▶ **WHAT IS REQUIRED**: The expected answer is every line of the material that contains the word "Moringa".

▶ **RECORDS SHOWN**:

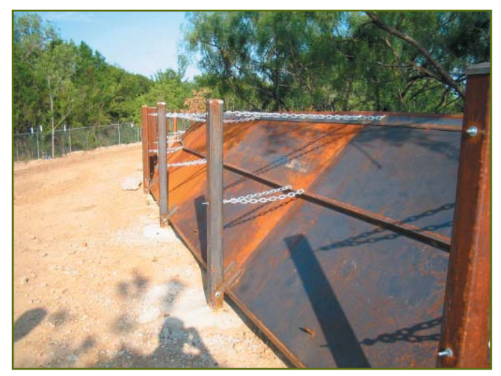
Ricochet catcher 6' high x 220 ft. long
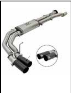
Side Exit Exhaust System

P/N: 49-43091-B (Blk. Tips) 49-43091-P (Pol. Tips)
* * *
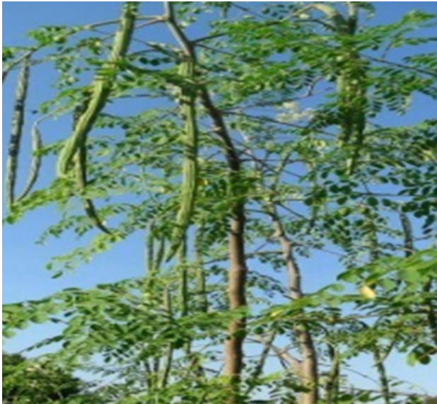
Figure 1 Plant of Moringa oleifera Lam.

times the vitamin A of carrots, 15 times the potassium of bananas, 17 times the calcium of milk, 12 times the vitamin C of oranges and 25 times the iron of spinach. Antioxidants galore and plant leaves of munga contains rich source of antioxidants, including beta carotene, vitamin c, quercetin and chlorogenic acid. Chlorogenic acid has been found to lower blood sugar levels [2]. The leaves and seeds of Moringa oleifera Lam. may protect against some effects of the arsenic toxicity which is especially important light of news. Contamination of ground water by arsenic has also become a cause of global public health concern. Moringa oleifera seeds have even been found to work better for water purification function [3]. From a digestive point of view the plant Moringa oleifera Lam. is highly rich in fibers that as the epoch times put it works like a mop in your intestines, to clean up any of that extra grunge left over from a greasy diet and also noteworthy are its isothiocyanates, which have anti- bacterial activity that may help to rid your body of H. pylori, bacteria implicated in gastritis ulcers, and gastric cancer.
==
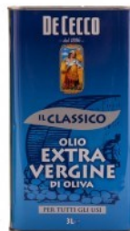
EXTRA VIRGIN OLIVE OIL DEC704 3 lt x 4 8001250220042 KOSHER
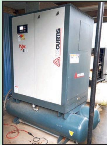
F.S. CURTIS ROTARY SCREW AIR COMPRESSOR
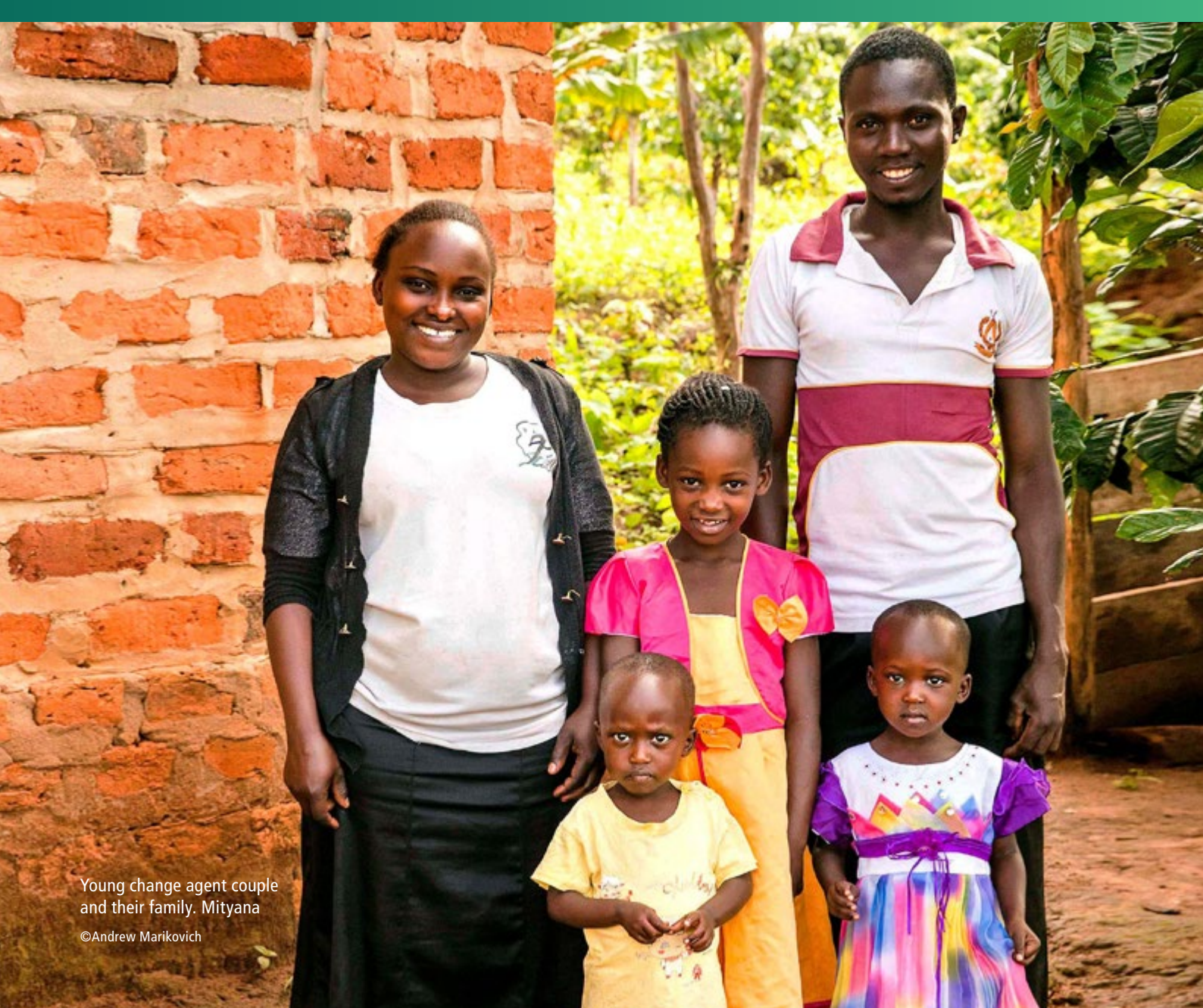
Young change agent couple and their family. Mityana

▶ **ANSWER SPACE**:
Figure 1 Plant of Moringa oleifera Lam.
times the vitamin A of carrots, 15 times the potassium of bananas, 17 times the calcium of milk, 12 times the vitamin C of oranges and 25 times the iron of spinach. Antioxidants galore and plant leaves of munga contains rich source of antioxidants, including beta carotene, vitamin c, quercetin and chlorogenic acid. Chlorogenic acid has been found to lower blood sugar levels [2]. The leaves and seeds of Moringa oleifera Lam. may protect against some effects of the arsenic toxicity which is especially important light of news. Contamination of ground water by arsenic has also become a cause of global public health concern. Moringa oleifera seeds have even been found to work better for water purification function [3]. From a digestive point of view the plant Moringa oleifera Lam. is highly rich in fibers that as the epoch times put it works like a mop in your intestines, to clean up any of that extra grunge left over from a greasy diet and also noteworthy are its isothiocyanates, which have anti- bacterial activity that may help to rid your body of H. pylori, bacteria implicated in gastritis ulcers, and gastric cancer.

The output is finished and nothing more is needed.